El filme narra la búsqueda del monje japonés, quien a través de su fe y la praxis, significó una influencia positiva para aquellos que le rodearon, tal como demuestra Dogen al señor Tokiyori, regente de la provincia de Kamakura, al enseñarle que la única manera de liberarse de los demonios internos es despojarse de las ataduras que nos hacen aferrarnos con desesperación a las cosas que nos hacen daño.

“La conversión significa aceptación. El dolor, la pena y odio de los espíritus es el dolor, pena y odio propio. Debe asumir esa angustia. Pero no puede aceptar esa angustia sin antes abandonar todo su ser”, apunta Dogen, quien utiliza una metáfora lunar para ejemplificar el Buda consustancial que habita dentro de nosotros, aunque a veces lo olvidemos: “aunque las nubes podrían tapar la luna, o pueda desaparecer del cielo, no podemos afirmar que no existe la luna”.

“Si haces mal, cosecharás el maldad. Si haces el bien, cosecharás bondad. Cuando la muerte se aproxime, ni el poder político, ni aquellos que amas, ni la gran fortuna serán capaces de salvarte. Para morir debes estar solo. Todo lo que te acompañará es lo que hiciste en vida. Eso y nada más”.

Otro de los momentos memorables de la película se da cuando Dogen se despide de sus discípulos, recordándoles ejercitar las tres mentes: la mente alegre, la mente bondadosa y la mente universal.

“Estudiar el camino de Buda es estudiar el sí mismo. Estudiar el sí mismo es olvidarse de sí mismo. Olvidar el sí mismo es ser iluminado por todo. Ser iluminado por todo es liberar tu propio cuerpo y mente, liberar el cuerpo y la mente de otros”, dice.

Liberarse del sufrimiento significa ser libre de todo apego, incluso el apego a la vida misma, al propio cuerpo. La felicidad habita dentro de uno. Conviene recordarlo a menudo.

El dolor y la vida según Malick

La vida duele. Ese pareciera ser el punto de partida de El árbol de la vida, quinto largometraje en la filmografía de Terrence Malick, el cual le hizo acreedor de la Palma de Oro en 2011.
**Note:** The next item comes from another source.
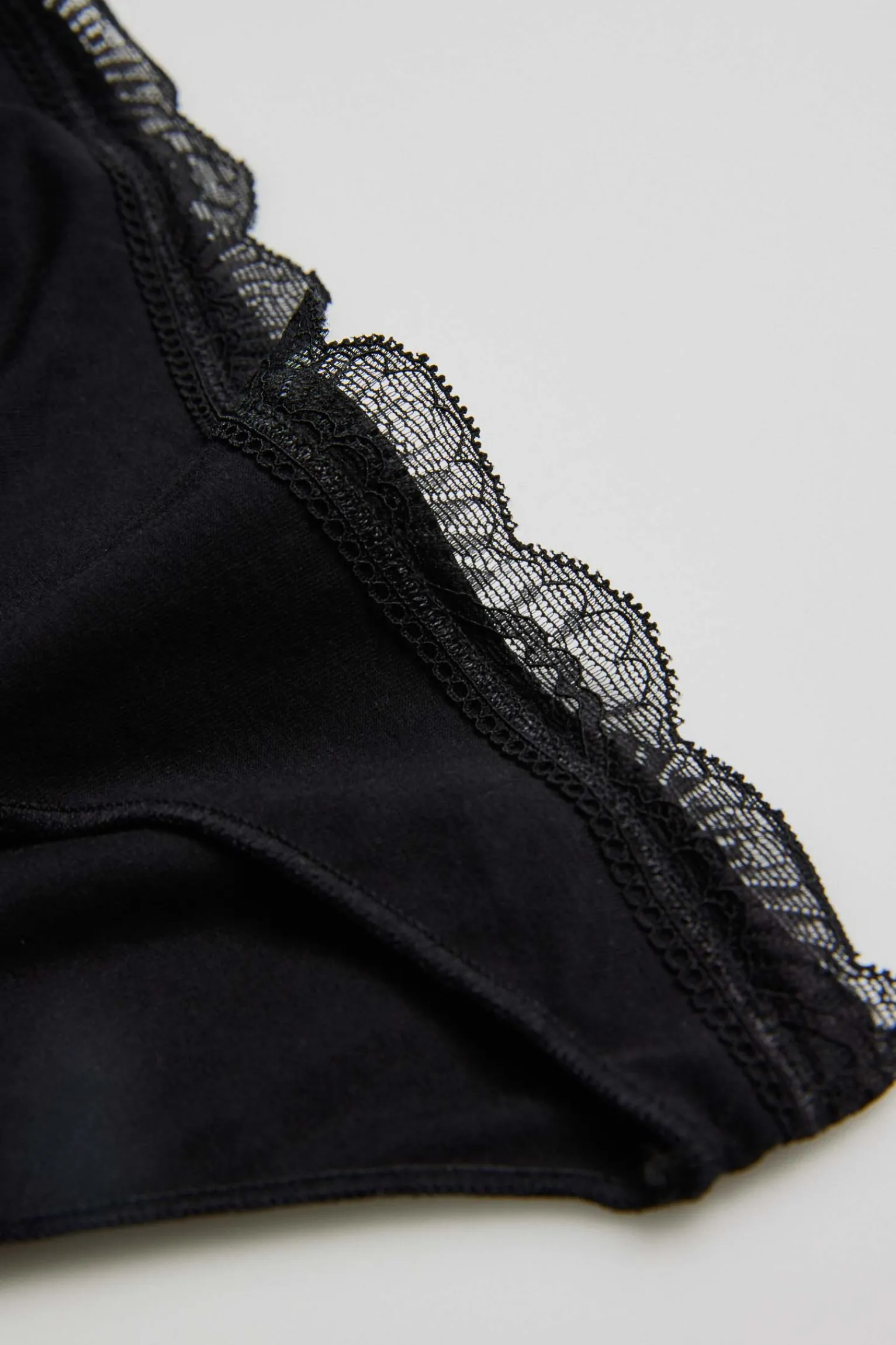 Braga mini en tejido Cotton Nature. Las fibras naturales de este material aportan un extra de suavidad a la prenda. Sus acabados con costuras planas invisibles evitan las marcas y favorecen una mayor adaptabilidad y un ajuste ergonómico perfecto. Modelo básico de gran confort pensado para el día a día. Decoradas con blonda. Confeccionadas con material antialergénico.

En este ensayo-ficción sobre la cruel lucha entre las pasiones humanas y la redención implícita en la anhelada búsqueda de la felicidad, el director estadounidense descubre un nuevo lenguaje cinematográfico, una nueva forma de narrar con soltura algo tan complejo como la vida misma.

A partir de retazos cotidianos y reminiscencias de nuestro origen cósmico, Malick se adentra en las contradicciones de la condición humana para explorar temas inherentes al drama de estar vivos: Dios, el miedo, el amor, la muerte, el dolor. Una batalla entre el orden natural de las cosas frente al caos de las pulsiones carnales.

La historia se sostiene en la intimidad de una típica familia estadounidense de los años 50s donde los desplantes de un padre autoritario obsesionado con el éxito (interpretado por Brad Pitt) y la ternura incondicional de una madre (Jessica Chastain) son los referentes principales en al vida de tres niños que van descubriendo el mundo a través del desencanto que implica la muerte paulatina de la inocencia. Tres niños que descubrirán la aflicción de la vida a través de la fatalidad de Dios y sus extraños mandatos, ese señor omnipresente y caprichoso que “envía moscas a heridas que debería sanar”.

De este modo es que Malick hace de las sensaciones más sutiles una experiencia sublime, logrando un discurso sólido en esta pieza donde las imágenes del cinefotógrafo mexicano Emmanuel ´Chivo´ Lubezki (en uno de los mejores trabajos de su carrera) revelan texturas, matices y encuadres que dotan de una carga explosiva al melancólico y áspero mundo al que hace referencia el filme.

Un retrato sobre el dolor primigenio de las relaciones humanas, donde el amor se presenta como la única puerta de escape, tal como reconocen el propio Malick a través de sus personajes: “La única manera de ser feliz es amando. Si no amas, tu vida pasará rápidamente”.